# Is there any matrix norm $|| \cdot ||$ such that $||A|| \le ||A||_{\infty} /n$?

Matrix norms are equivalent and can bound each other like some examples on Wikipedia. I was wondering if there is a matrix norm $|| \cdot ||$ that can be upper bounded by $||\cdot ||_{\infty}/n$ ? That is, $||A|| \le \frac{||A||_{\infty}}{n}$, where $A$ is an $n \times n$ square matrix.

Since norms are equivalent, perhaps we can define a matrix norm by ourselves, only if it satisfies the definition of a matrix norm. A naive idea is just letting $|| \cdot || = ||\cdot ||_{\infty}/n$ but it is not sub-multiplicative (the last condition in the definition).

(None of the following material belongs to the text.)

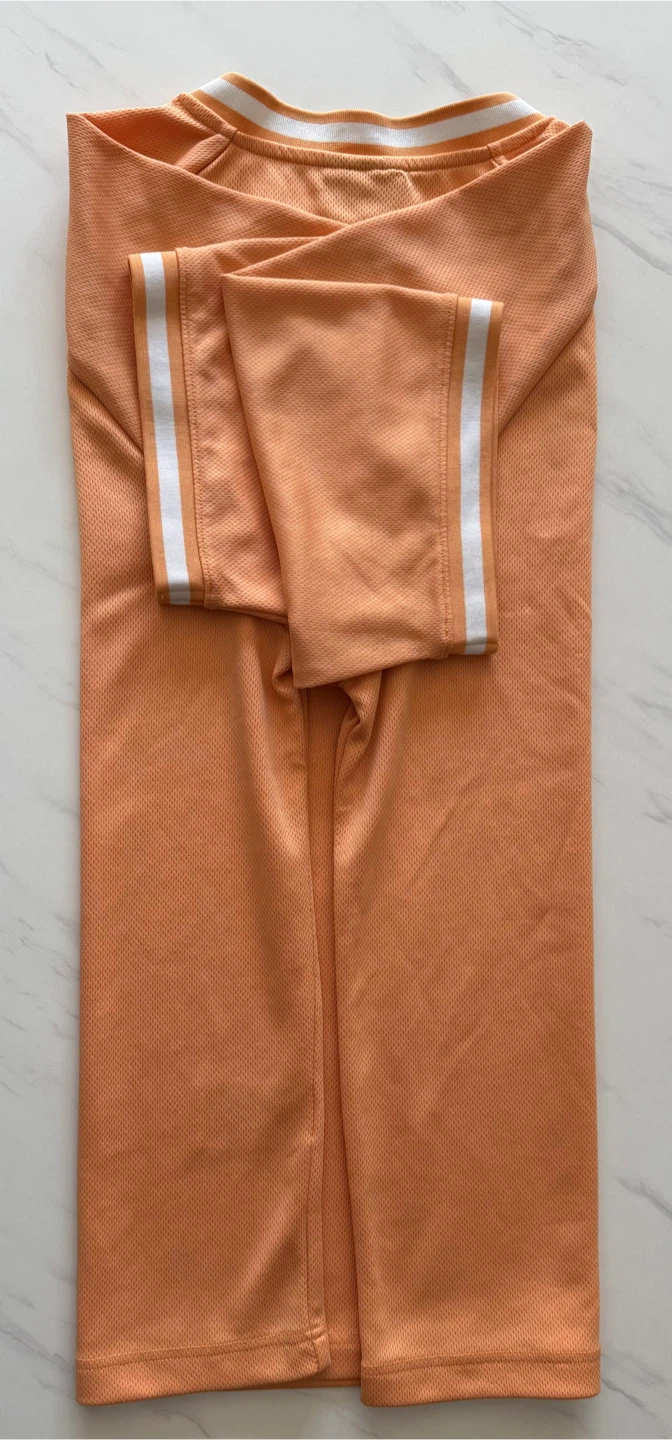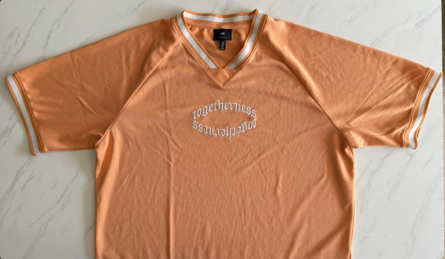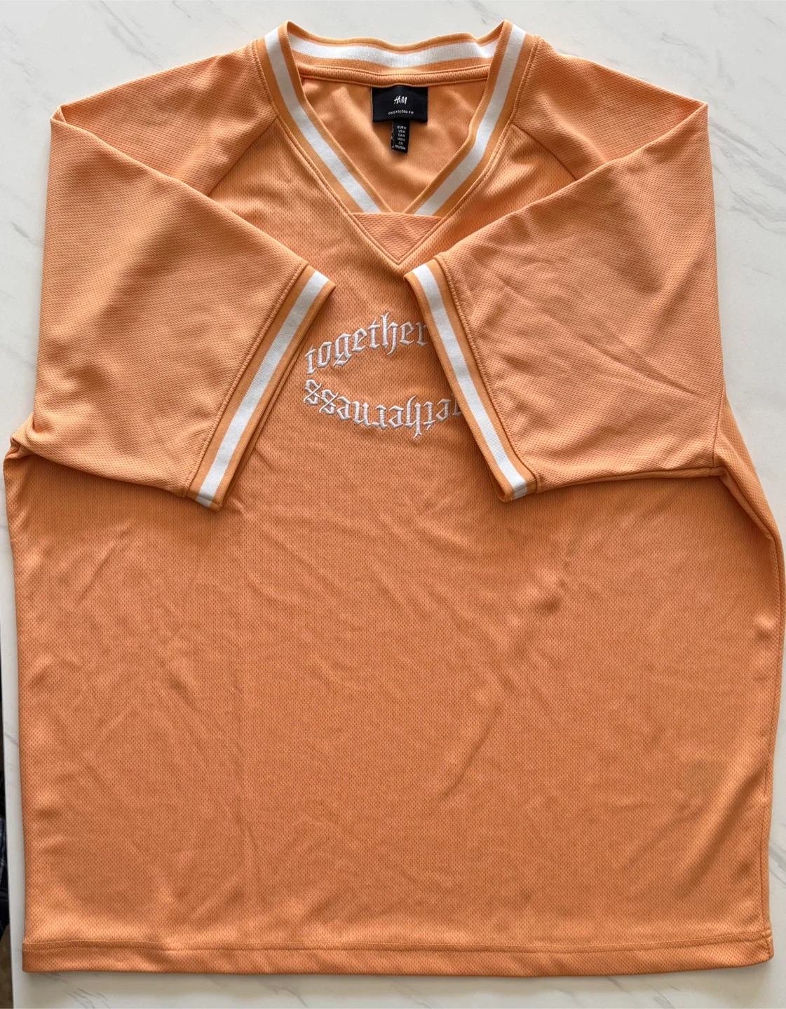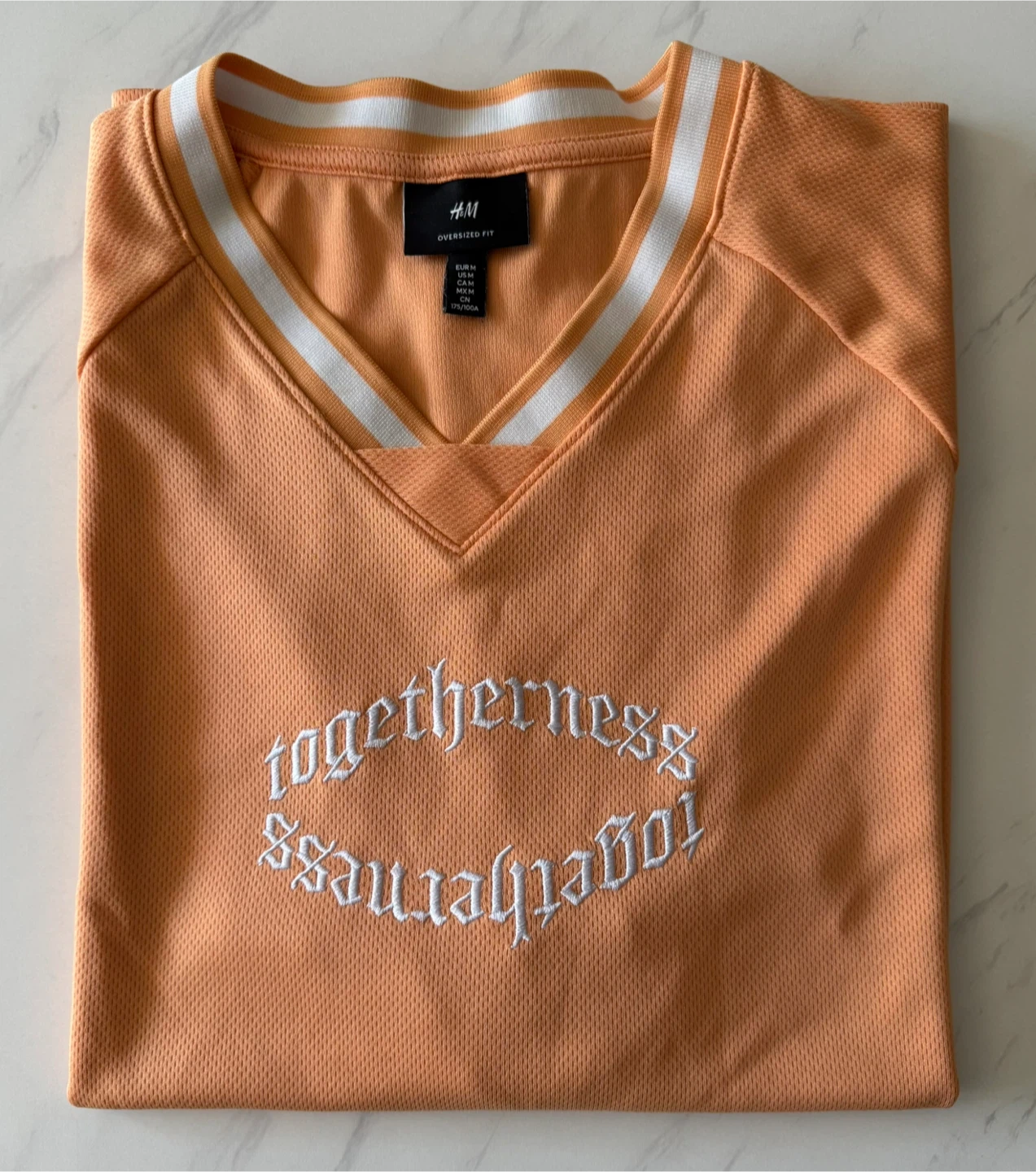 Selling a cute H&M oversized fit t-shirt! It's a peach color and size M. The shirt has a V-neck with white stripes and the word 'togetherness' embroidered on the front

Since $\|I\|=\|I^2\|\le\|I\|^2$, we have $\|I\|\ge1$. So, if $\|I\|\le\frac{\|I\|_\infty}n$, then ...
Such a matrix norm cannot exist because let $A$ be any nonzero matrix. Then consider $e^{tA}$. We have that $||e^{tA}||\le ||e^{t/k A}||^k$ for all $t, k>0$. Now take $A=I$. Then we have that $||e^{t/k A}||^k\le e^t/n^k$ for all $k$. Take $k \rightarrow \infty$.